I see light in the forest behind him, torches and voices. They come to see their hero fight...to see him win. But I won't stand for it. I bolt in his direction with my fists clinched and drawing back. His haughty aura makes me nauseous and I have every intention of turning his already victorious smile into and unconscious, mouth-gaping spectacle. I swing with such force that I am certain to remove his head from his shoulders, and if the air could speak, it would tell of the pain, for that was all that I hit before receiving a strike to the ribs that stopped me in time for a moment. I tried to breath, to stay on my feet, but somewhere in the confusion another blow was dealt to my face and I found myself on the ground, yet again.

The ring, as it were, is now lit quite well. Many have gathered with lanterns or lights of some kind to see the fight; friends and followers, pretty girls who have come to gaze upon their victor, even a few of his elders, proud of his achievements and supportive of his win. He walks around me, holding his hands in the air, acknowledging his peers without looking them in the eye, smiling without showing his teeth.

"I'm not like him" I think to myself "I'm not like any of them."

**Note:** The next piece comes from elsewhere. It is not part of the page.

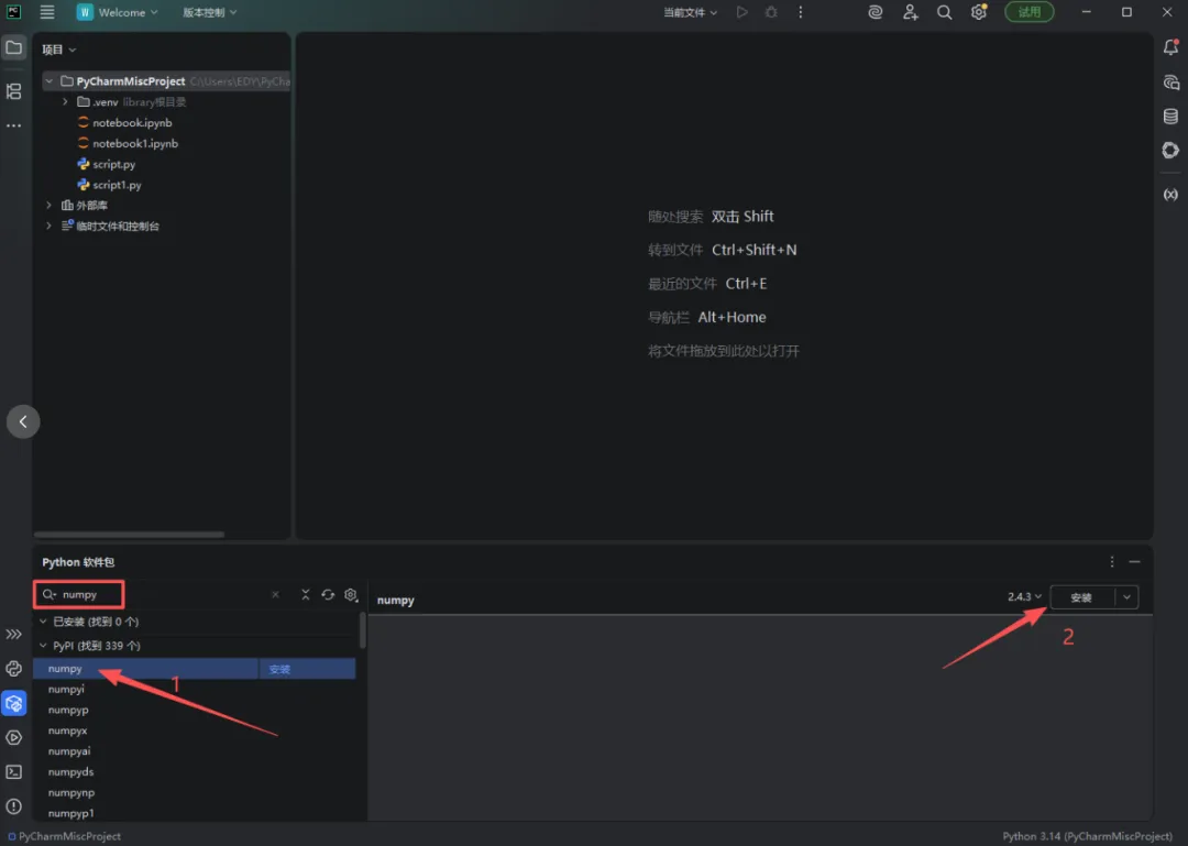 2.在搜索框输入要安装的的库名,以“Numpy”为例

They chant his name, which everyone knows. On his arm is a tattoo. The letter "P", his initial, as finely drawn and as eloquent as the expensive shoes he wore to batter me with. And of course, the very moment I thought it, fine leather
and blood was forcefully fed to me.

I don't know if I am lying on my back or my face. I can't feel my face.

"Was that a tooth I just choked on?"

I wipe the blood from my face to see him standing with his arms crossed and his back turned. The crowd is dying down and many of his "friends" are smiling and patting him on the shoulders.

"No" I thought to myself "They came to see a fight and I will show them a fight, but if they came to see me lose, I will have to disappoint them this time"

Before I even thought about my actions, I had risen to my feet and knocked him to the ground. People shouted, stopped, turned to watch. They were entertained, but would they be on my side? I needed them on my side. I turned so that everyone could see my battered face in their flickering flames before leaning down to him, as though to help him up...but I didn't. I wiped the blood from my face and onto his tailored shirt. Suddenly a cheer arose from those around me and I found a new strength. I picked him up by his collar, paused to find fear in his eyes and then broke his nose with my own forehead, rousing yet another bloody cheer from the crowd before dropping him into the dirt that he had finally earned.

Soon someone brought me a drink (I must have looked like I needed it), and I held it high in a toast to my new friends. I smashed the glass on the ground to keep the energy high in the on-lookers and turned back to my opponent, where he lay in his defeat. I walked over to him, rolled him over in search of his embarrassed faced...but I did not find a broken man in overpriced clothes. Instead, I found a scared young man in a dirty t-shirt. He was missing several front teeth and was shivering in the cold night air. Then something else caught my eye; there was the eloquent "P" tattooed on my own arm.

"Wait. What happened?"

But I knew.

Now I remember this part. Now I wish the crowd weren't cheering for me. I was wrong to ever come here and think I could beat him. I am like him. I'm just like him. Heck, I'm him. From the moment I accepted his challenge I had lost. God forgive me. I always do this. I left my work to come here, and for what?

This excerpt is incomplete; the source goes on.